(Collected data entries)
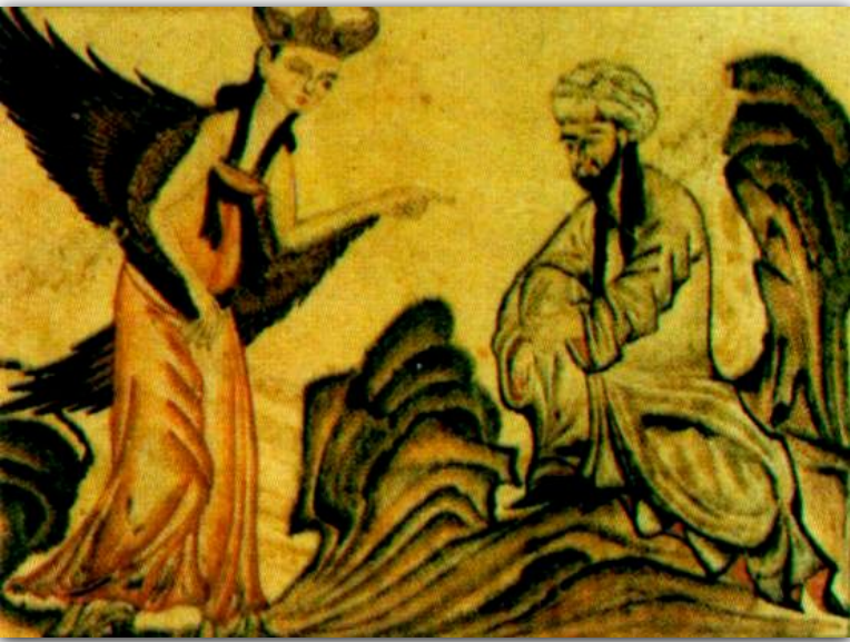
Ангел Джабраил объявляет Мухаммеду, что он - пророк.

В 6 в. Аравия потеряла ряд территорий, торговля была нарушена.
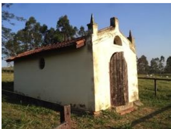
Figura 28: Vista lateral da pequena capela.

Trata-se de uma pequena igreja – capela - (coordenada (SAD69) UTM 23K 344.885E / 7.454.150N – 886 metros de altitude) situada na meia encosta com frente para vale aberto e pouco profundo. Está construída a cerca de 30m de estrada que liga Jaguariúna às propriedades rurais locais, em estado de semi-abandono. Suas dimensões são aproximadamente de 6m x 3m. Em toda a região é possível observar vários desses exemplares, importantes para a cultura religiosa local.
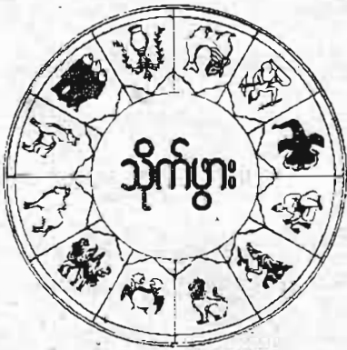
အိုယွန်းယုတ်စာပေ

တစ်ခါတရံမှာ...ဒီလို ထူးခြားဆန်းကြယ်တဲ့ ဖြစ်ရပ်မျိုး တွေလည်း ရှိတတ်ပါတယ်...။
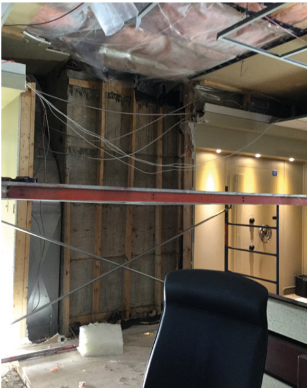
▲ Installation du monte-charges.

Une inauguration aura lieu pour l'ouverture du nouveau local du Centre d'archives. Une date vous sera communiquée ultérieurement.
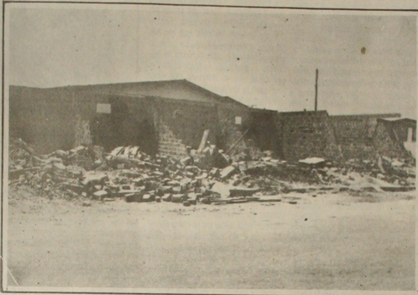
Quem ganha até três mínimos vai ter casa financiada pelo FGTS

Sergipe tem o maior índice de inadimplentes. Na área agrícola temos 30%, quando a média nacional não chega a 20%. Daí a necessidade para se conseguir recursos para os sergipanos - lamentou Gonzaga, acrescentando que esse índice já superou 50% e a agência Siqueira Campos é campeã nisso, o que prejudica os que honram seus compromissos. (Por Cláudio Messias).
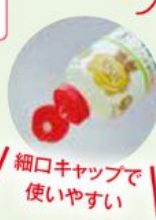
3本セット! たっぷり使える

103918 GMO iNOI フラクトオリゴ糖 700g×3本セット 2,218円 (税込2,395円) 【賞味期間】365日 207kcal/100g 【次回予定】7月3日 ※1日の摂取目安: 15g (小さじ4杯程度)
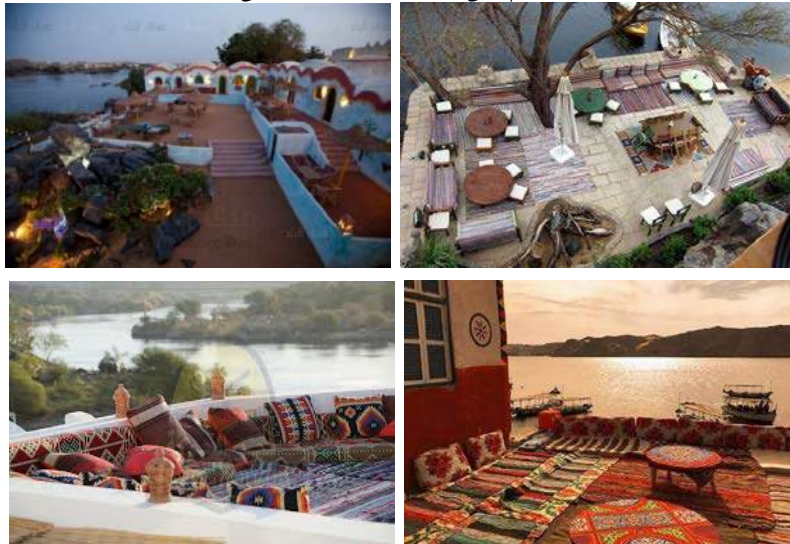
التراسات تستخدم (مقعد) مجمع للاجتماع وسهرات السمر للسانحين والاستمتاع بالأغاني النوبية وتلاحظ أنها لا تخلو من الزخارف النوبية بالألوان الساطعة لأقمشة التنجيد وكذلك الكليم ومفارش المناضد
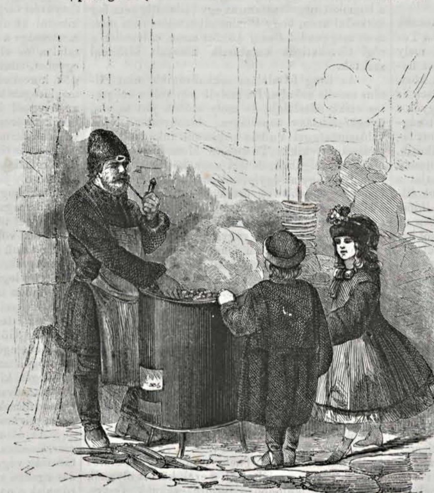
Fővárosi képek: II. Gesztenye-árus.

Két krajczárért, hatért, tízért parancsol! Igazi Garibaldi marrroni! . . . Heiszszze, forró marrroni! . . . Minden népesebb utca sarkán ott áll s fáradhatlan nyelveknek folytonos pergésével, megszűszhangzóval kínálgatja fűnek-fának jószagu, párolgó áruját.

(What is expected)
Copy the data above word for word. Pictures stay out.

(Answer to the problem)
Ангел Джабраил объявляет Мухаммеду, что он - пророк.

В 6 в. Аравия потеряла ряд территорий, торговля была нарушена.
Figura 28: Vista lateral da pequena capela.

Trata-se de uma pequena igreja – capela - (coordenada (SAD69) UTM 23K 344.885E / 7.454.150N – 886 metros de altitude) situada na meia encosta com frente para vale aberto e pouco profundo. Está construída a cerca de 30m de estrada que liga Jaguariúna às propriedades rurais locais, em estado de semi-abandono. Suas dimensões são aproximadamente de 6m x 3m. Em toda a região é possível observar vários desses exemplares, importantes para a cultura religiosa local.
အိုယွန်းယုတ်စာပေ

တစ်ခါတရံမှာ...ဒီလို ထူးခြားဆန်းကြယ်တဲ့ ဖြစ်ရပ်မျိုး တွေလည်း ရှိတတ်ပါတယ်...။
▲ Installation du monte-charges.

Une inauguration aura lieu pour l'ouverture du nouveau local du Centre d'archives. Une date vous sera communiquée ultérieurement.
Quem ganha até três mínimos vai ter casa financiada pelo FGTS

Sergipe tem o maior índice de inadimplentes. Na área agrícola temos 30%, quando a média nacional não chega a 20%. Daí a necessidade para se conseguir recursos para os sergipanos - lamentou Gonzaga, acrescentando que esse índice já superou 50% e a agência Siqueira Campos é campeã nisso, o que prejudica os que honram seus compromissos. (Por Cláudio Messias).
3本セット! たっぷり使える

103918 GMO iNOI フラクトオリゴ糖 700g×3本セット 2,218円 (税込2,395円) 【賞味期間】365日 207kcal/100g 【次回予定】7月3日 ※1日の摂取目安: 15g (小さじ4杯程度)
التراسات تستخدم (مقعد) مجمع للاجتماع وسهرات السمر للسانحين والاستمتاع بالأغاني النوبية وتلاحظ أنها لا تخلو من الزخارف النوبية بالألوان الساطعة لأقمشة التنجيد وكذلك الكليم ومفارش المناضد
Fővárosi képek: II. Gesztenye-árus.

Két krajczárért, hatért, tízért parancsol! Igazi Garibaldi marrroni! . . . Heiszszze, forró marrroni! . . . Minden népesebb utca sarkán ott áll s fáradhatlan nyelveknek folytonos pergésével, megszűszhangzóval kínálgatja fűnek-fának jószagu, párolgó áruját.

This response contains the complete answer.